Your goal:
If a line in the entries below includes "Kryddgrovan", pick it out and copy it.

--- Input for this task Enclosed Below ---

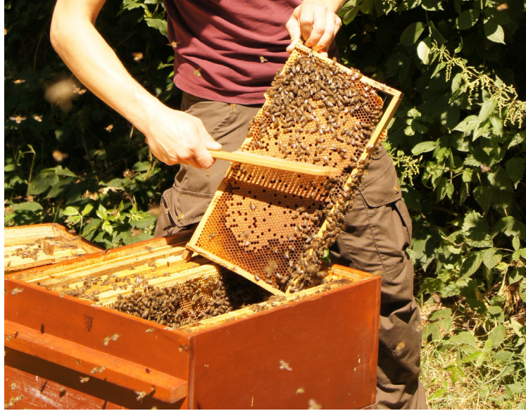
Alle bier børstes af yngeltavler ned i et tomt magasin.

Det er dog også muligt helt at undlade en terapeutisk behandling, hvis man lader en tavle med åben yngel hænge i det ellers yngelfri bistade, vil denne tiltrække næsten alle frie varroamider i bifamilien. Når miderne er kravlet ned i de åbne celler for at formere sig, og tavlen er blevet forseglet, kan man destruere denne tavle sammen med de sidste mider i bifamilien, omtrent som med fangst-tavlen (flyer 3).
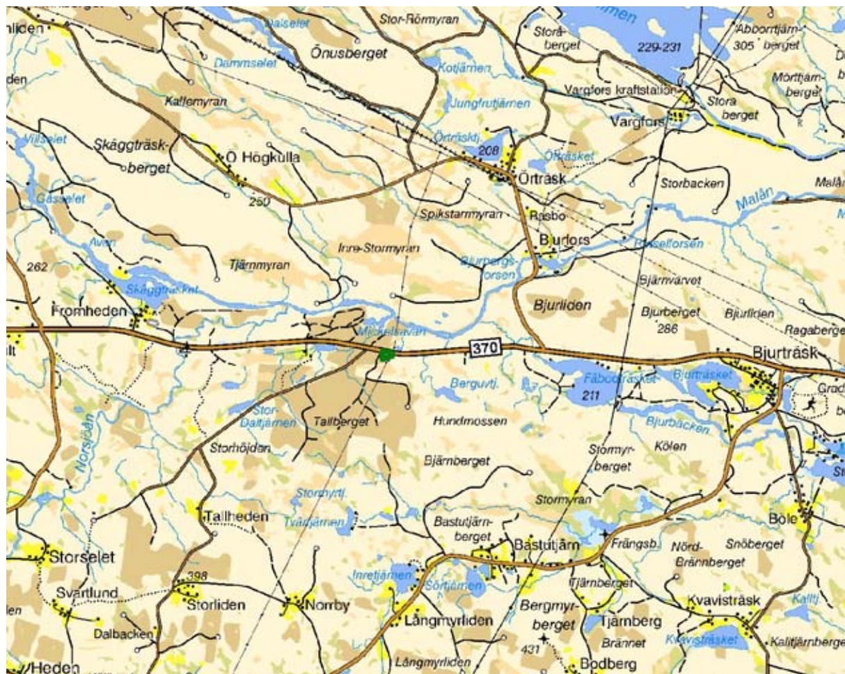
Figur 1. Översiktskarta för naturreservatet Kryddgrovan (markering i kartans mitt).

Reservatsföreskrifterna för Kryddgrovan har inte reviderats sedan området avsattes 1958. De är otidsenliga och ska därför ombearbetas inom gällande skötselplanperiod.
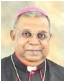
தலைமன்னார் விசேட நிருபர்

கொரோனா தொற்று மீண்டும் தலைதூக்கக் கடுமையான சுகாதார விதிமுறைகளை பின் பற்றி மக்கள் ஆவணி மடு பெருவிழாவில் கலந்து கொள்ள மாறு மன்னார் ஆயர் இம்மாதிரி வேண்டுகோள்களை தெரிவித்தார். ஆண்டுகை தெரிவித்தார்.
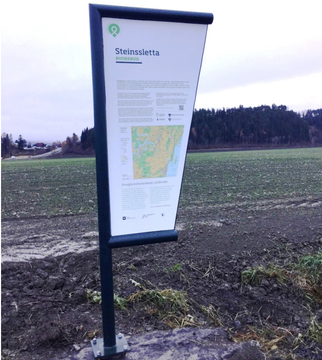
Nytt skilt på Steinssletta.

På Steinssletta er det satt opp skilt på et par aktuelle lokalveier som krysser gjennom området, samt ved en parkeringsplass som brukes av turgåere i området. Skiltene er satt opp av medlemmer i grunneierlaget, og alle er svært fornøyde. Det er videre planer klare for skilt om Halvdanshaugen, som en håper å få ferdig i løpet av vinteren. Det samme gjelder for Bureknatten i Burudåsen naturreservat. Foreløpig har det vist seg vanskelig å få tillatelse til å sette opp to enkle skilt langs E-16 i hver ende av Steinssletta.
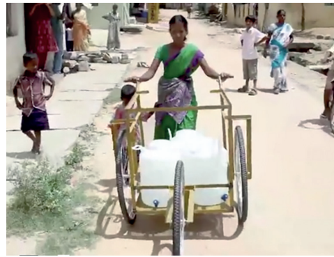
Figura 11: Carrito para transportar agua de IDEO
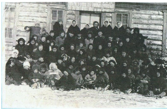
Фото 1954-1955 учебный год. Коллектив начальной школы
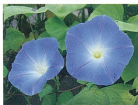
▲緑のカーテンで育てている西洋アサガオ
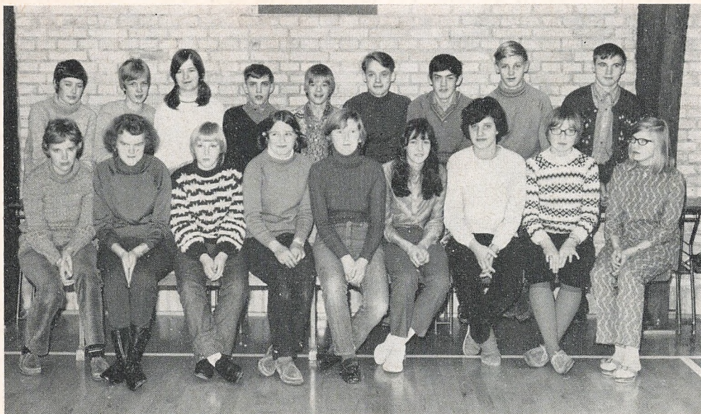
9. klasse B
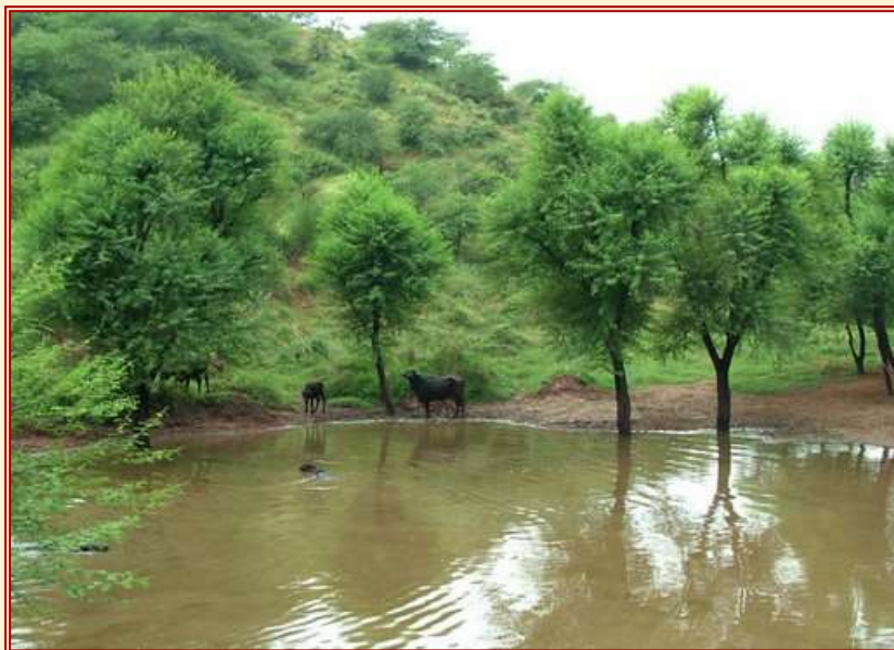
Abb. 3: See im Gandhivan

Das Wasser wurde durch Kanäle und Seitenrinnen durch die Pflanzungen geleitet, um Abschwemmungen zu unterbinden, und ein kleiner See wurde aufgestaut als Tränke für Nutzvieh und Wild (Abb. 3).
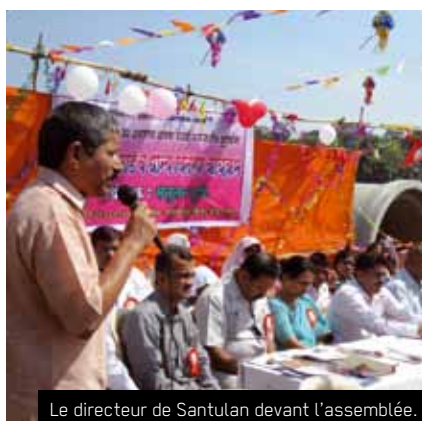
Le directeur de Santulan devant l'assemblée.

Chaque année, le syndicat des carriers créé en 2005 avec l'aide de Santulan, organise une assemblée qui a pour objectif de mettre en avant les revendications du secteur. Celle de juillet 2011 a vu la participation de deux Ministres
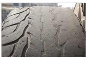
Corde visible sur un pneumatique ou profondeur d'au moins une rainure inférieure à 1,6 mm

Exemples de principales défaillances critiques :

--- End of Enclosed Input for this task ---

Written answer:
Figur 1. Översiktskarta för naturreservatet Kryddgrovan (markering i kartans mitt).
Reservatsföreskrifterna för Kryddgrovan har inte reviderats sedan området avsattes 1958. De är otidsenliga och ska därför ombearbetas inom gällande skötselplanperiod.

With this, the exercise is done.